Here's the point: The point is the president is not hiding that he wants an investigation of all of this. The question is going to be: Was it tied to U.S. aid to Ukraine? Could they prove that? So far there has been no evidence of that. The president has denied that it was directly tied or that there was any quid pro quo and I think the big picture point is that no matter what is found here, the Democrats moved forward on this impeachment inquiry before they had the transcript of the call. Before they had the text messages that we're going to talk about back and forth between some of the diplomats. And so Adam Schiff has a bit of a credibility problem in terms of them going forward with all of this before they had the facts. The president is going to have to make sure the facts are on his side though. He has been honest and transparent publicly about how he wants this investigated and by the way it's put a spotlight on Joe and Hunter Biden in a way that the Democrats didn't want.

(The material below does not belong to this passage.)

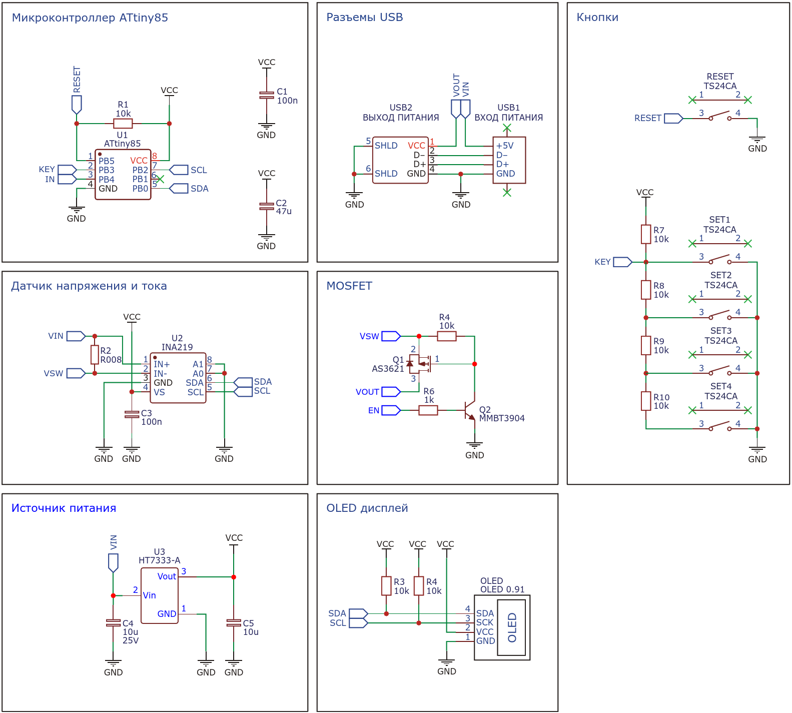 Принципиальная схема прибора для контроля зарядки Li-Ion аккумулятора

Fox Business anchor Melissa Francis: “It says right here, there’s no quid pro quo.”
Citation
From the October 4 edition of Fox News' Outnumbered
JESSICA TARLOV (FOX NEWS CONTRIBUTOR): So there was a quid pro quo. We now know that there were two things on the table.
[CROSSTALK]
MELISSA FRANCIS (CO-HOST): It says right here, there’s no quid pro quo.
…
TARLOV: We learned that U.S. officials were working together with Rudy Giuliani to draft a statement that the Ukrainian government was going to put out, saying that they would investigate Joe Biden. It wasn't good enough to say we’ll investigate corruption, which the president pretends that's what he's interested in. It had to name Burisma specifically. Sondland took five hours to respond to that text. He then comes back after Bill Taylor says very -- twice he says: "We don't exchange assistance for --”
FRANCIS: Here, I’ve got it right here. “I think it's crazy to withhold security assistance for help with a political campaign.” One reason why you would take five hours to respond to that, doesn't that feel like a setup? I mean, doesn’t that feel like one of those situations --
[CROSSTALK]
FRANCIS: Well, but one of those situations where you say, "Gosh, do you feel bad about the fact that you murdered that person last night," in a text so you respond to it? I mean it just -- it sounds -- I don't know. It's a little bit difficult to believe.
The other point that I would say is that, so you would have to prove that he has no interest in ferreting out corruption in these spots in order for it to be strictly that this is about a political campaign. And he does have a responsibility to not send my tax dollars to a corrupt nation. And you have to look into things that smell of corruption.